駅前の再開発が盛んに行われている、周辺エリアからの人口流入が続いている等の理由から、コロナ禍前から人気を集めていたと考えられますが、コロナ禍がそれに拍車をかけたと推測されます。

また、首都圏に関していえば、多摩地域や神奈川県、埼玉県、千葉県などで、2021年の公示地価のうち住宅地の対前年平均変動率はプラスとなっています。
首都圏の賃貸住宅に住む20代や30代の小さな子供のいるファミリー層が、コロナ禍を機に、騒音や手狭な間取りといった問題を解消すべく、予定を前倒しして郊外の戸建てを買い求めるケースが増えたのです。

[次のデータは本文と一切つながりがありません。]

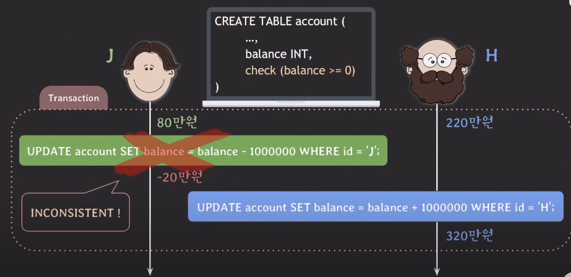 계좌의 잔액은 0원 이상 있어야 된다는 체크사항을 걸어두어 J가 -20만원이 되어서는 안되기에 J에 업데이트문을 실행할 수 없다고 알려주고 rollback 을 실행시켜준다.

このように、コロナ禍は不動産業界の中でも、特に不動産売買仲介に好影響を与えました。
その結果、2021年度(2021年4月~2022年3月)の不動産流通主要28社・グループの売買仲介実績はコロナ禍前の2019年度を上回る結果になっています。
コロナ禍の落ち込みからの反動回復だけにとどまらず、旺盛な住宅購入需要から、好調が続いているのです。

まとめ

不動産業界はコロナ禍の影響を受けにくかった業界の一つです。
また、不動産業界の中でも不動産売買仲介は、コロナ禍を機に戸建て需要が増えたことから、コロナ禍前よりも好調になっています。
なお、不動産の売却のニーズは2021年度も弱い傾向にありますが、足元では回復傾向にあります。
それに伴い在庫数も回復していくと考えられるため、今後、取引は再び活発になっていくでしょう。
そのため、これから不動産フランチャイズに加盟して不動産業を営むのであれば、売買を専門としているところが良いと考えられます。
確実にノウハウを身に付けられ、フォロー体制が整っている不動産売買専門の不動産フランチャイズがおすすめです。